Asynchronously attach PVs to Workspaces

l0rd commented 5 years ago

Is your enhancement related to a problem?

No matter how fast we get to bootstrap a Che workspace, no matter how many external resources we are able to pre-pull (images, extensions, examples source code), we will always need to wait 20+s for a PV to be attached and mounted on the workspace pod.

Describe the solution you'd like

New Workspace lifecycle:

Workspaces Startup phase
- Pods (workspace and data sync) are started in parallel
Startup data sync phase:
- Data flow goes from the persistent volume (rsync server) to the ephemeral volume (rsync client)
- Containers in the Workspace Pod are started but are not allowed to write in the ephemeral volume
Normal workspace usage phase
- Containers in the Workspace Pod have full R/W access to the persistent volume
- Data flow goes from rsync client to rsync server
Workspace Shutdown phase
- Containers in the Workspace Pod are stopped and data are flushed to the ephemeral volume
Shutdown data sync phase
- Data are transferred from the ephemeral volume to the persistent volume
- Pods are destroyed

Workspace components in Read-only mode

In the "Startup data sync phase" the user will already be able to use the editor and plugins but those should behave in a read-only mode until all the data has been synced to the ephemeral volume. That means that Che editors (for example theia) should be able to work on read only mode (initially this can be done by showing a progress bar that shows the data sync and not allowing the user to access theia).

rsync protocol

Rsync is mentioned as the remotes files synchronisation protocol but that’s just an example. If there is a better alternative, let's use it.
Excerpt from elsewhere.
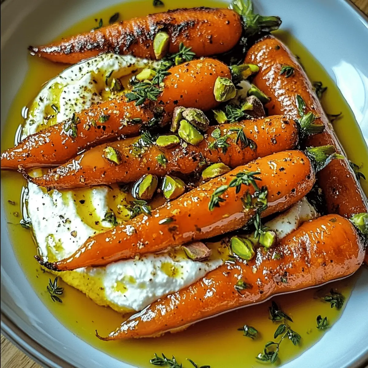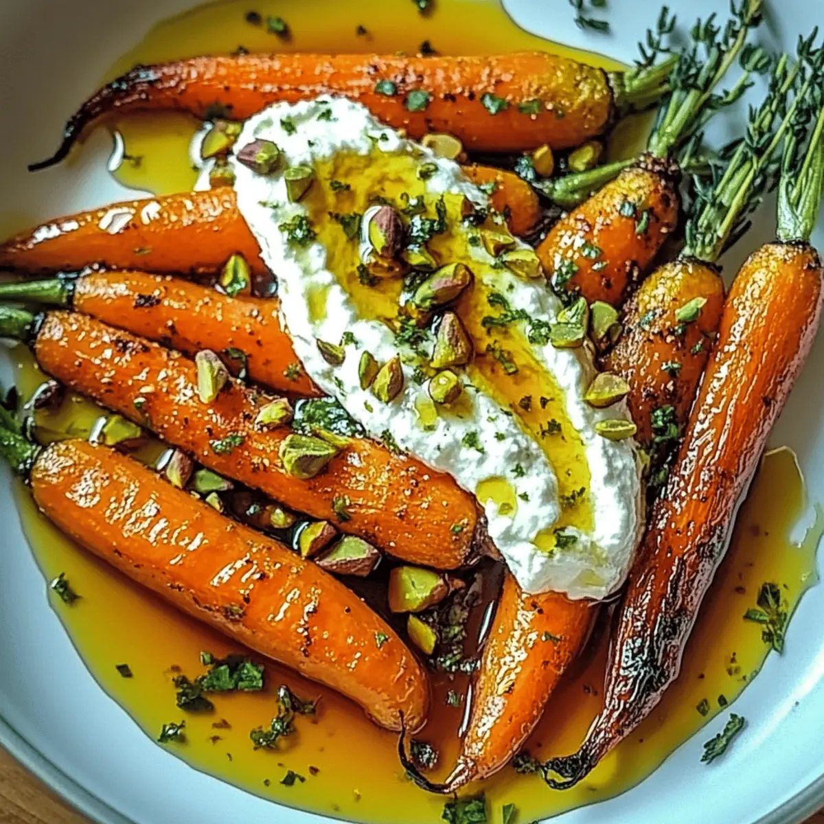 Finish your elegant dish by scattering chopped pistachios and fresh thyme leaves across the top. For added color and freshness, consider adding parsley if desired. Serve your stunning Roasted Carrots with Whipped Ricotta and Hot Honey warm, and watch as your guests are wowed by the vibrant flavors and beautiful presentation.

Ideas to improve performances (even more)

The rsync server pod could be "always up" and its lifecycle and the workspace lifecycle would be distinct.
The rsync server pod could serve every user workspace
When a workspace is created for the first time the Startup data sync phase can be skipped

Florent's edit:

Tasks

amisevsk commented 5 years ago

This also would help in solving issues with e.g. Gluster being too slow for some operations (npm install).

l0rd commented 4 years ago

Another option mentioned by @gorkem is to leverage ephemeral containers introduced in 1.16. That would allow to avoid using rsync.

benoitf commented 4 years ago

Hello,

here are some notes:

about data sync pod:

The service needs to be almost always on to be sure that we don't move the slow down to start a workspace to start this data sync pod.
- based on some discussion, it may be a per user pod so the projects data are kept on the user namespace.
- based on another discussion, it may allow to spawn need pod elsewhere that are requiring for example only read-access to the /projects folder and it could be client of the data sync pod as well.

optimization

as it may require a cost to have this service always on:
- idling after some hours
- it can be started as soon as for example the user connects to the dashboard

One the goal is to be able to start the workspace as fast as possible. For that it means that we create a new workspace (no previous state):

data-sync-pod service should reply as soon as possible that there are no existing data for this given workspace. (even before trying to mount the PVC). By mounting PVC ‘asynchronously’, it means that the workspace can boot quickly, projects can be cloned and persistence of the workspace will be done later, when the PVC is up. (IDE will notify like with a status bar that it starts with ephemeral storage and then backup/persistency is there)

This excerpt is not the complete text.